When constitutional error calls into question the objectivity of those charged with bringing a defendant to judgment, a reviewing court can neither indulge a presumption of regularity nor evaluate the resulting harm. Accordingly, when the trial judge is discovered to have had some basis for rendering a biased judgment, his actual motivations are hidden from review, and we must presume that the process was impaired. Similarly, when a petite jury has been selected upon improper criteria or has been exposed to prejudicial publicity, we have required reversal of the conviction because the effect of the violation cannot be ascertained. Like these fundamental flaws, which never have been thought harmless, discrimination in the grand jury undermines the structural integrity of the criminal tribunal itself, and is not amenable to harmless-error review.

Marshall then went on to say:

The opinion of the Court in Mitchell ably presented other justifications, based on the necessity for vindicating Fourteenth Amendment rights, supporting a policy of automatic reversal in cases of grand jury discrimination...The six years since Mitchell have given us no reason to doubt the continuing truth of that observation.

===Concurrence===
Justice O'Connor concurred in the judgment. O'Connor stated:

I share the view expressed by Justice Powell in Rose: a petitioner who has been afforded by the state courts a full and fair opportunity to litigate the claim that blacks were discriminatorily excluded from the grand jury which issued the indictment should be foreclosed from relitigating that claim on federal habeas. The incremental value that continued challenges may have in rooting out and deterring such discrimination is outweighed by the unique considerations that apply when the habeas writ is invoked.
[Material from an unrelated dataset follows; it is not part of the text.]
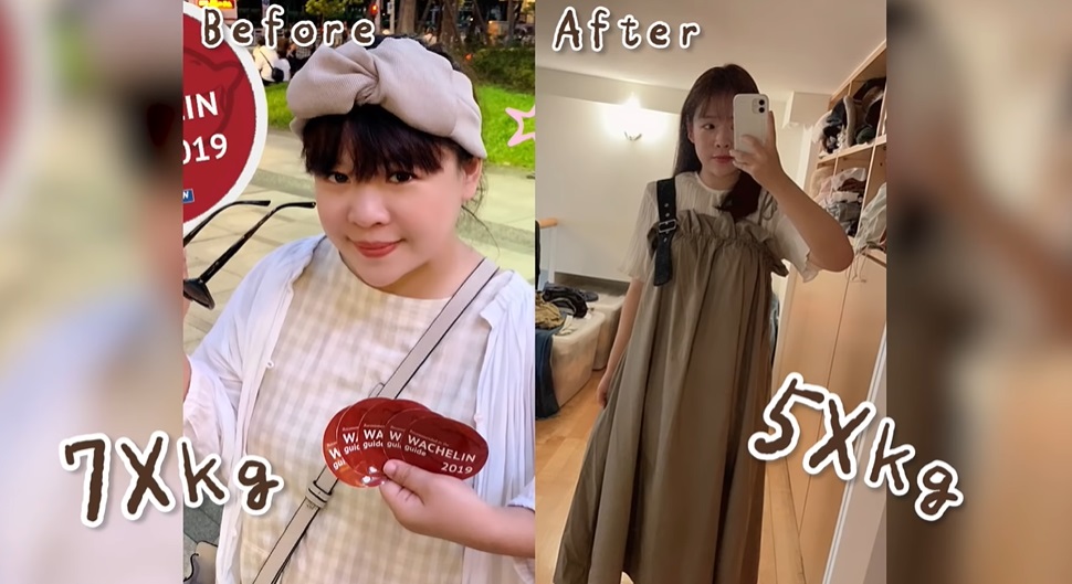 她在健康飲食並搭配運動下,成功的瘦下20公斤,她也放上過去與現在的對比圖,讓她發現她真的改變相當巨大。她也在影片中表示,不吃加工食品、含糖食品,包含甜點、零食、飲料、人工醬料、水果等。這段時間她吃最多的是深綠色蔬菜,其次是蛋白質,最後才是澱粉,她表示:「減肥最重要的就是一定要高纖維跟高蛋白質,才能讓你的腸道比較健康,讓它恢復正常的代謝。」。但她也不斷透露,每個人的體質不同,要吃多少或禁忌還是要洽詢專業營養師或是健身教練才可以。

The history and purposes of the writ, as well as weighty finality interests and considerations of federalism, counsel against permitting a petitioner to renew on habeas a challenge which does not undermine the justness of his trial, conviction, or incarceration.

=== Dissent===
Justice Powell, joined by Chief Justice Burger and Justice Rehnquist, dissented, arguing that "the Court misapplies stare decisis because it relies only on decisions concerning grand jury discrimination. There is other precedent, including important cases of more recent vintage than those cited by the Court, that should control this case. Those cases hold, or clearly imply, that a conviction should not be reversed for constitutional error where the error did not affect the outcome of the prosecution".
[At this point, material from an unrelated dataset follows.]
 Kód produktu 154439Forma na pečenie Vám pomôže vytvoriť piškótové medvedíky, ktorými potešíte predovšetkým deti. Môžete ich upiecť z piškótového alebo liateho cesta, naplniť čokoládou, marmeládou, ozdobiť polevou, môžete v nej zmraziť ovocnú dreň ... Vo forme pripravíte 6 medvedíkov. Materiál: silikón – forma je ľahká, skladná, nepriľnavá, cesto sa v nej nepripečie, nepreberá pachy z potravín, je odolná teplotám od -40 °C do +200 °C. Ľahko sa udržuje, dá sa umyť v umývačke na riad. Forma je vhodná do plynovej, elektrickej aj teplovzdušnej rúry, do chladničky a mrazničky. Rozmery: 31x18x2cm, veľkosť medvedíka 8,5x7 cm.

Powell continues his dissent by mentioning that since Chapman v. California, "the Court has consistently made clear that it is the duty of a reviewing court to consider the trial record as a whole and to ignore errors that are harmless, including most constitutional violations." After citing cases where the Supreme Court applied harmless-error analysis or an analogous prejudice requirement on this basis, Powell stated:

Grand jury discrimination is a serious violation of our constitutional order, but so also are the deprivations of rights guaranteed by the Fourth, Fifth, Sixth, and Fourteenth Amendments to which we have applied harmless-error analysis or an analogous prejudice requirement. Moreover, grand jury discrimination occurs prior to trial, while the asserted constitutional violations in most of the above-cited cases occurred during trial. The Court does not adequately explain why grand jury discrimination affects the "integrity of the judicial process" to a greater extent than the deprivation of equally vital constitutional rights, nor why it is exempt from a prejudice requirement while other constitutional errors are not.

Finally, Powell believes that the Appellate Court's decision, overturning Hillery's conviction should be reversed because the "respondent's grand jury discrimination claim casts no doubt on the adequacy of the procedures used to convict him or on the sufficiency of the evidence of his guilt".